Legislature lifts ban on guest ranches again

By Oregonians In Action Education Center
A property-rights education non-profit

A Short, Quiet, But Successful 2018 Legislative Session For Oregonians In Action,

The 2018 Oregon Legislature recently concluded their short legislative session. The session lasted approximately one month. For Oregonians In Action, the session was quiet, but nevertheless productive.

“Not much happened on the land use front in the short session,” said OIA President Dave Hunnicutt. “Since the session can only last for a maximum of 35 days, it is typical that land use bills take a back seat until the long sessions in the odd-numbered years. That was the case this year.”

Although land use bills were not prominent in this year’s short session, OIA managed to get two changes in the short session. House Bill 4031 allows guest ranches to be sited in central and eastern Oregon. Guest ranches, also known as dude ranches, offer tourists the chance to experience life on a working cattle ranch.

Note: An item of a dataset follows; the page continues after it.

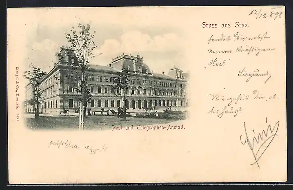 AK Graz, Die Post- und Telegraphen-Anstalt

The guest ranch operates as part of the main ranching operation, and guests stay at the ranch and participate in a variety of outdoor activities, from horseback riding and hiking to actual ranching operations. The ranch gives tourists the chance to experience life as it was in the Old West, with the exception of having great meals and comfortable accommodations.

Until 1997, guest ranches were outlawed in Oregon, as ranches operate in farm zones and guest ranches were prohibited in farm zones. However, OIA worked with the legislature in 1997 to establish Oregon’s first guest ranch law, and the law has been changed a number of times in the intervening years as guest ranches became a popular destination for tourists on the other side of the Cascades.

Unfortunately, the last guest ranch law had a sunset date of January 1, 2018, and the legislature failed to extend that sunset date. So as of January 1, 2018, guest ranches were again a prohibited use in farm zones across the state. OIA received a phone call late in 2017 from a guest ranch owner asking to extend the sunset, and in turn, we asked State Representative Brian Clem, chairman of the House Agriculture and Natural Resources Committee, to renew the law.

Since the law had already sunsetted by the time the legislature reconvened in February, the legislature had to re-create the entire law and pass it all over again. OIA was able to convince Rep. Clem and his committee to re-pass the law, and extend the sunset to April 15, 2020. The bill was approved by both the House and Senate Committees, was approved by both the House and Senate, and was signed by Governor Brown in mid-March. OIA will return to the legislature in 2019 and seek a bill which removes the 2020 sunset, making the guest ranch provisions a permanent part of Oregon law.

HB 4031 also contained an important amendment to help the owner of property in the Metolius River Basin make use of the Metolius TDO’s that he received from the Oregon legislature in 2009. The acronym TDO is short for “transferable development opportunity”.

In 2009, the Oregon legislature designated the Metolius River Basin as an “area of critical statewide concern”. The result of this designation was a significant restriction on two property owners who wished to site destinations resorts in the basin. In order to provide a small amount of equity to the two property owners whose developments were regulated out of existence, the legislature provided each owner with a TDO to allow that owner the ability to transfer the development rights from the Metolius Basin to another area in the state.

The goal of the TDO’s was to allow the TDO holder to work with a willing property owner outside of the Metolius region to plan and develop the property. The legislation made siting easier, enabling the TDO holder to develop in places where development would otherwise be prohibited by state and local law.

Unfortunately, the legislature’s TDO bill was not well drafted or thought out, and has required multiple amendments since it was first approved in 2009. HB 4031 made more amendments to the original TDO bill, and hopefully the last set. The property owner has identified property in a coastal county for the siting of the resort and use of the TDO’s, and the latest changes should make that development finally possible. OIA worked closely with Rep. Clem on this portion of HB 4031 as well, and the bill was approved and signed by Governor Brown.

The long session beginning in February, 2019 is the next opportunity to make changes to Oregon land use law. OIA is already working on legislation for the 2019 session, where land use bills will take a much more prominent position in the list of legislative “to do’s”.